- _AIM OF THE EXERCISE_:
Leave out the pictures and print the rest of the entries exactly as they stand.

Records drawn from a dataset

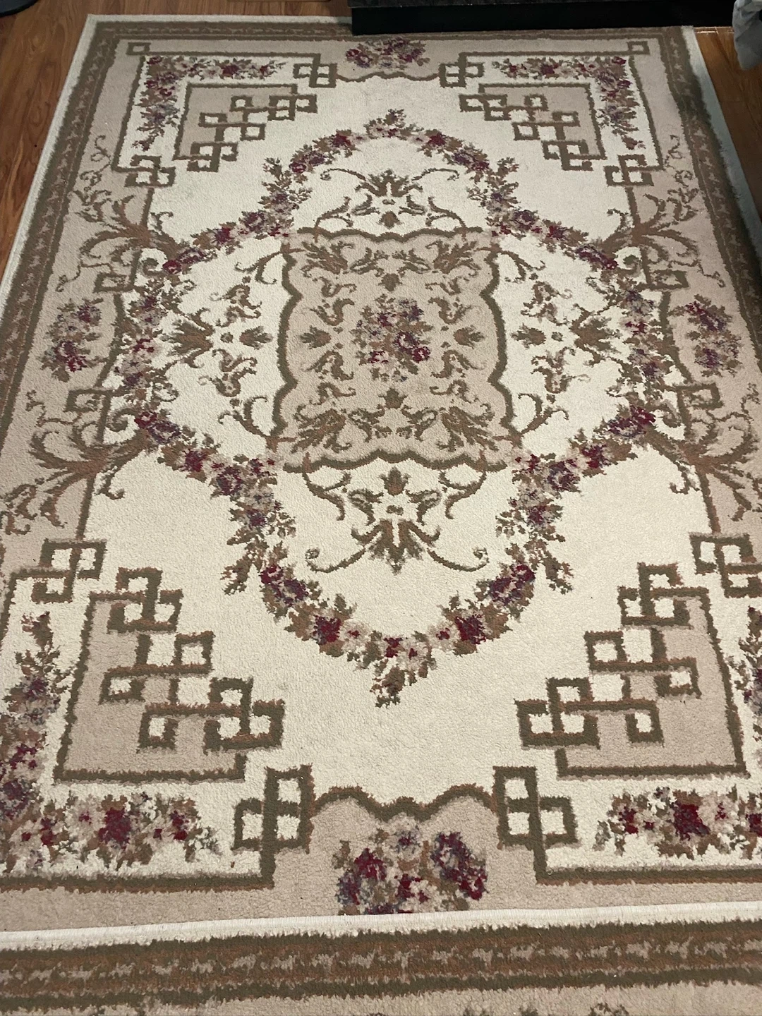 This is a patterned area rug. It features floral and geometric designs in shades of beige, brown, and burgundy. It would be a great addition to any room!
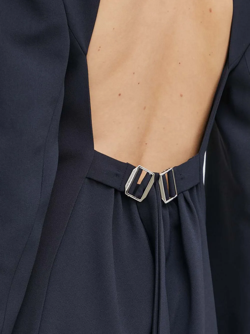 Темно-синий цвет, открытая спина, застежка на пуговицу, подплечники, длинные рукава
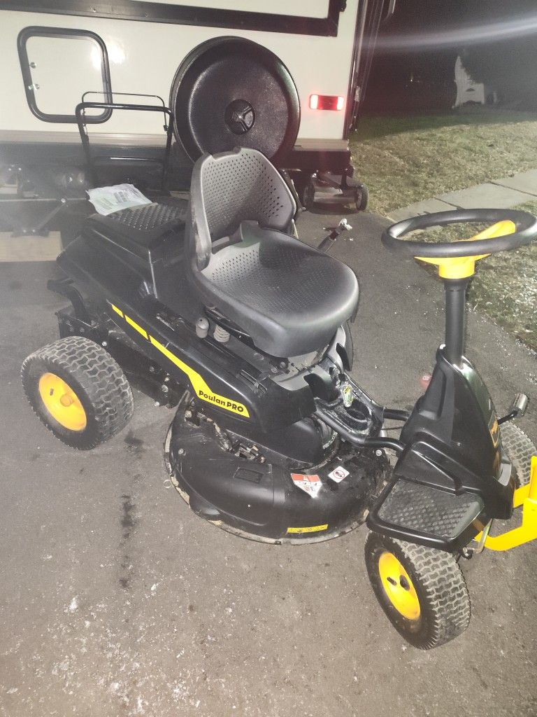 Has an electric start 10 1/2 horsepower Briggs & Stratton. The deck is set up for mulching or side discharge. This unit was only used one season it's in mint condition! They originally sold for $1,000! Free delivery within 20 mi of Feura Bush
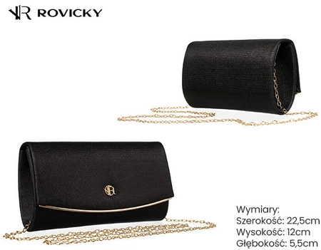 Elegancka kopertówka Rovicky z połyskującego materiału, ozdobiona metalowym logo. Posiada odpinany łańcuszek, umożliwiający noszenie na ramieniu lub w ręku. Idealna na wieczorne wyjścia i specjalne okazje.
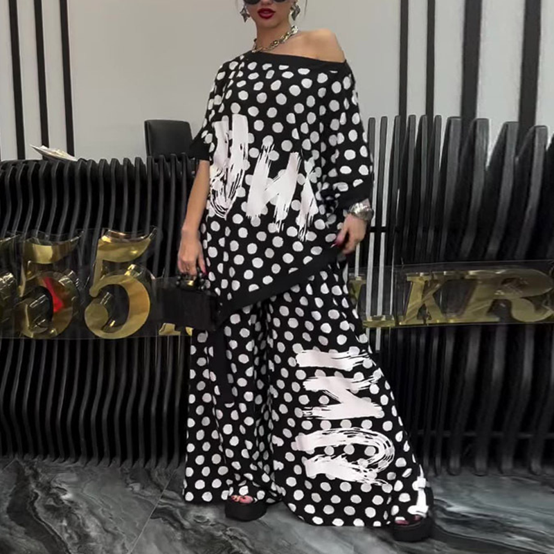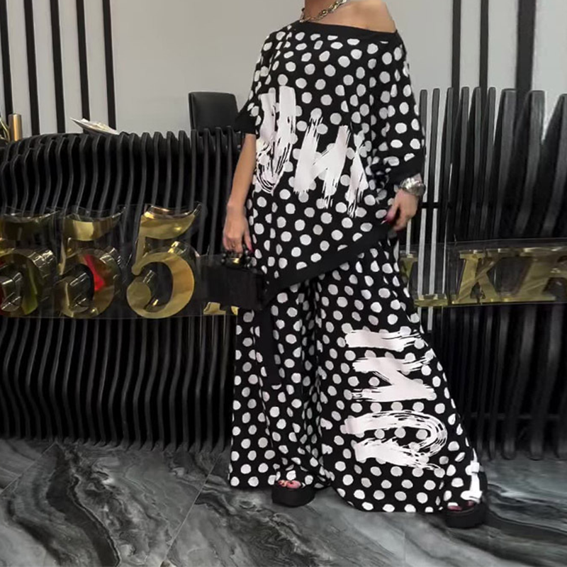1*Damski modny top w dużym rozmiarze i szerokie spodnie 2-częściowy zestaw
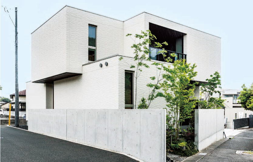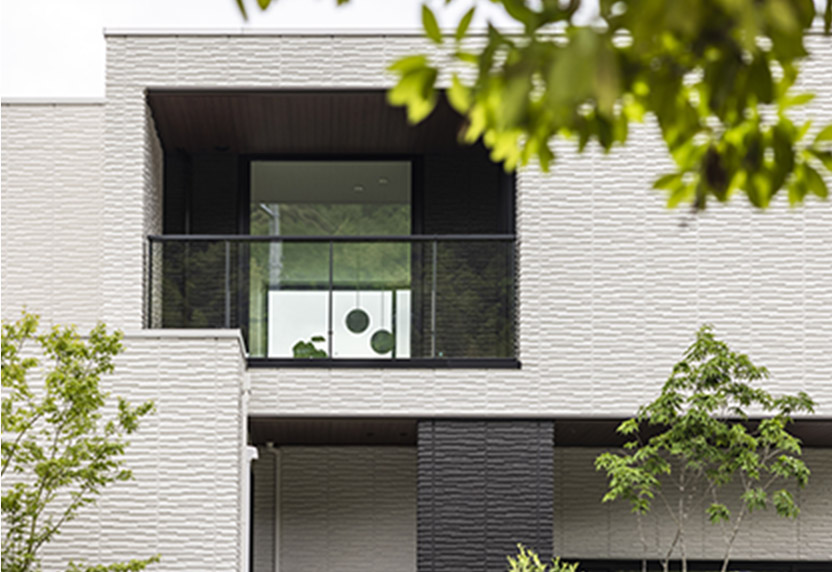 箱を重ねたような外観がHさま邸の特徴の一つ。バルコニーが凹みのように表現(xiàn)され、手前と奧の窓が重なって向こう側(cè)の空まで見通せるユニークなデザインになっています。外壁には彫りの深いサイディング外壁「ベルサイクス」を採用。2色の張り分けにより、ボリューム感や凹凸感のある外観を演出しました。
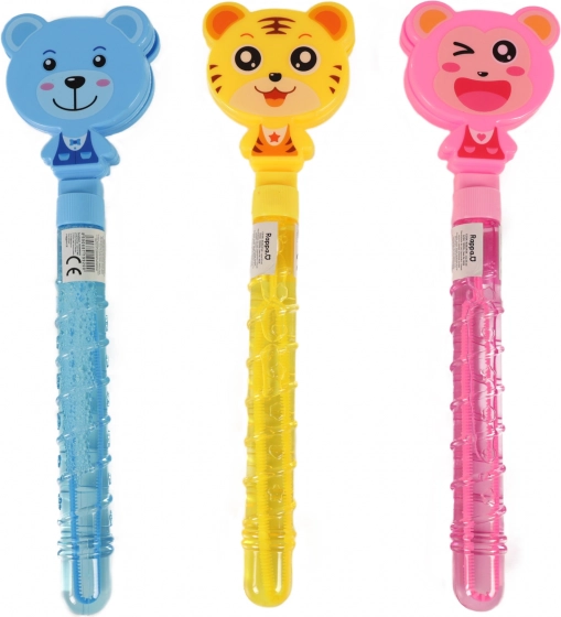 Praktična pihalka, vgrajena v pokrovček, je vedno pri roki, barvni miks (modra, rožnata, rumena) z motivi medvedka, tigra in opičke pa razveseli vsakega malega mojstra mehurčkov. Izdelek je primeren od 3 let. Za enostaven nakup in dopolnitev zalog ponujamo prodajo le v celotnem pakiranju 24 kosov.
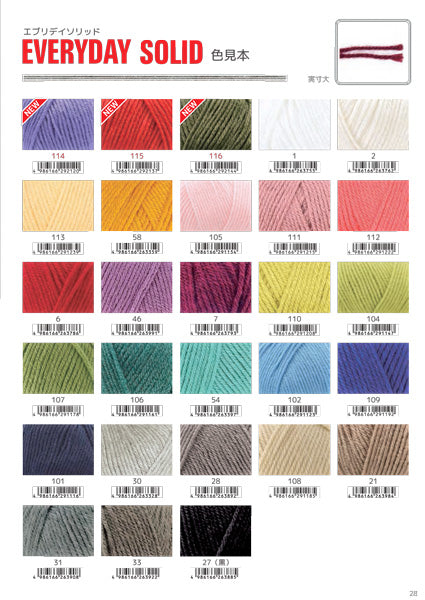エブリデイソリッド 色A ナスカ 内藤商事【KY】N-53 毛糸 編み物 100g アンチピリング 並太
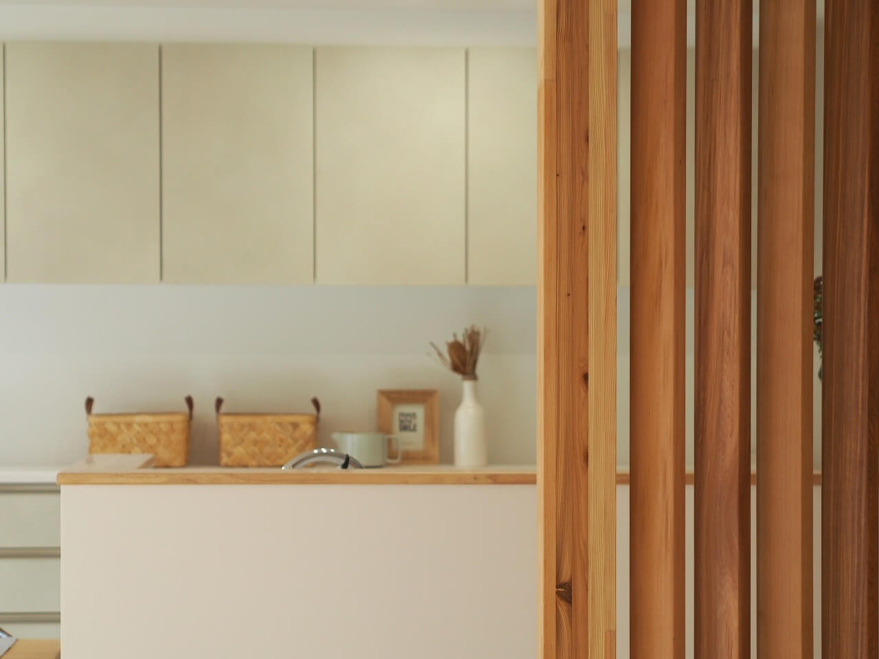 扉の面材には、柔らかなベージュをご選定いただきました。

- _SOLUTION TO THIS PROBLEM_:
 This is a patterned area rug. It features floral and geometric designs in shades of beige, brown, and burgundy. It would be a great addition to any room!
 Темно-синий цвет, открытая спина, застежка на пуговицу, подплечники, длинные рукава
 Has an electric start 10 1/2 horsepower Briggs & Stratton. The deck is set up for mulching or side discharge. This unit was only used one season it's in mint condition! They originally sold for $1,000! Free delivery within 20 mi of Feura Bush
 Elegancka kopertówka Rovicky z połyskującego materiału, ozdobiona metalowym logo. Posiada odpinany łańcuszek, umożliwiający noszenie na ramieniu lub w ręku. Idealna na wieczorne wyjścia i specjalne okazje.
1*Damski modny top w dużym rozmiarze i szerokie spodnie 2-częściowy zestaw
 箱を重ねたような外観がHさま邸の特徴の一つ。バルコニーが凹みのように表現(xiàn)され、手前と奧の窓が重なって向こう側(cè)の空まで見通せるユニークなデザインになっています。外壁には彫りの深いサイディング外壁「ベルサイクス」を採用。2色の張り分けにより、ボリューム感や凹凸感のある外観を演出しました。
 Praktična pihalka, vgrajena v pokrovček, je vedno pri roki, barvni miks (modra, rožnata, rumena) z motivi medvedka, tigra in opičke pa razveseli vsakega malega mojstra mehurčkov. Izdelek je primeren od 3 let. Za enostaven nakup in dopolnitev zalog ponujamo prodajo le v celotnem pakiranju 24 kosov.
エブリデイソリッド 色A ナスカ 内藤商事【KY】N-53 毛糸 編み物 100g アンチピリング 並太
 扉の面材には、柔らかなベージュをご選定いただきました。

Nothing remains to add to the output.